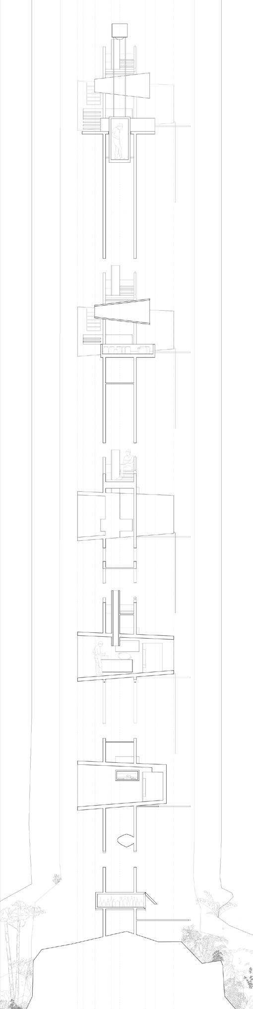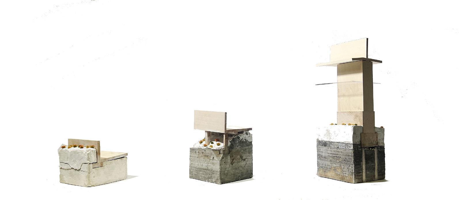 We speculated on how its building foundation could be adapted for a solid hillside, exposed rock, or a marsh and did extensive research on the soil types of those three conditions. The drawings lay out the different types of soil in each respective condition and the models represent ways of adaptation while staying true to Huma Klabin’s experience of being embedded in the ground and offering views like a periscope out from the earth.
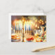 Hanukkah watercolor illustration. A beautifully arranged table set for a festive celebration, featuring a traditional menorah with lit candles. Soft, warm light, while holiday decorations add a touch of cheer. Warm lights creating a cosy, inviting atmosphere. Designed by artist Danguole Serstinskaja.
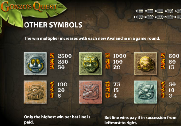 Самый дорогой символ в онлайн аппарате Gonzo’s Quest это серая плита с высеченным изображением маски шамана. Три таких изображения принесут на счет количество условных фишек, равное ставке X50, четыре – X250, а пять – X2500. Это не рекордная сумма, не забывайте про коэффициенты.
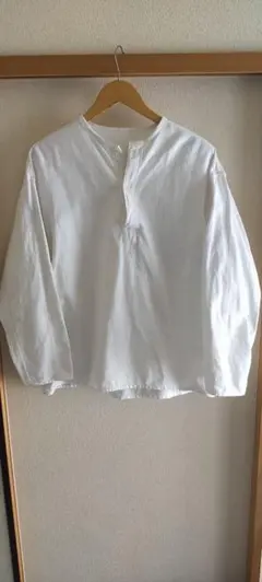 シンプルなホワイトの長袖シャツ、ボタン付きデザイン
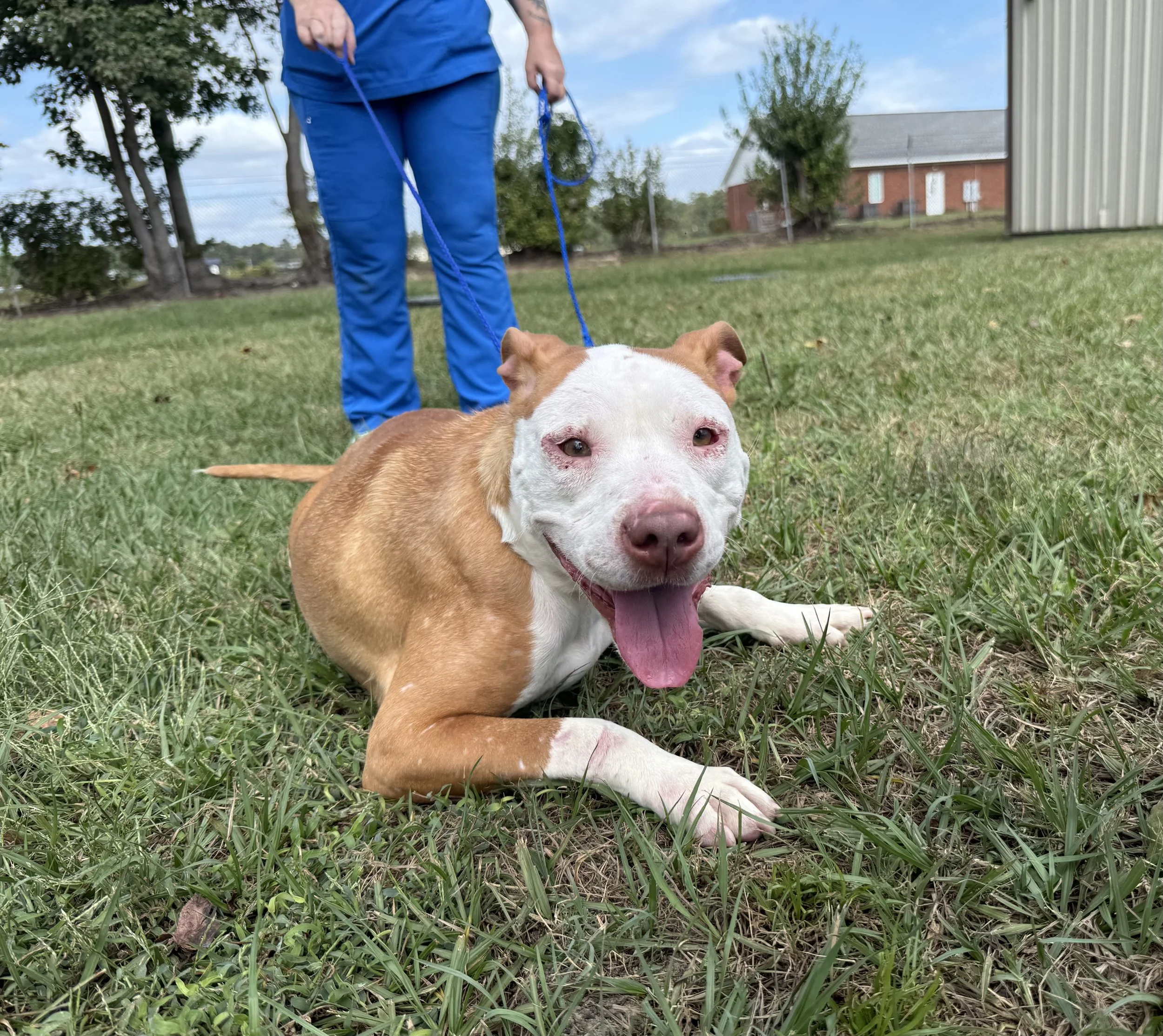 Rescued from a neglect situation, Apple has left all that behind and decided life’s way too short not to celebrate every single day. She’s social, affectionate, and would love a home that enjoys walks, games, and maybe a little wrestling match on the living-room rug.

Work instructions | Write out every entry above exactly as it stands, minus the pictures.

Written solution |
 We speculated on how its building foundation could be adapted for a solid hillside, exposed rock, or a marsh and did extensive research on the soil types of those three conditions. The drawings lay out the different types of soil in each respective condition and the models represent ways of adaptation while staying true to Huma Klabin’s experience of being embedded in the ground and offering views like a periscope out from the earth.
 Hanukkah watercolor illustration. A beautifully arranged table set for a festive celebration, featuring a traditional menorah with lit candles. Soft, warm light, while holiday decorations add a touch of cheer. Warm lights creating a cosy, inviting atmosphere. Designed by artist Danguole Serstinskaja.
 Самый дорогой символ в онлайн аппарате Gonzo’s Quest это серая плита с высеченным изображением маски шамана. Три таких изображения принесут на счет количество условных фишек, равное ставке X50, четыре – X250, а пять – X2500. Это не рекордная сумма, не забывайте про коэффициенты.
 シンプルなホワイトの長袖シャツ、ボタン付きデザイン
 Rescued from a neglect situation, Apple has left all that behind and decided life’s way too short not to celebrate every single day. She’s social, affectionate, and would love a home that enjoys walks, games, and maybe a little wrestling match on the living-room rug.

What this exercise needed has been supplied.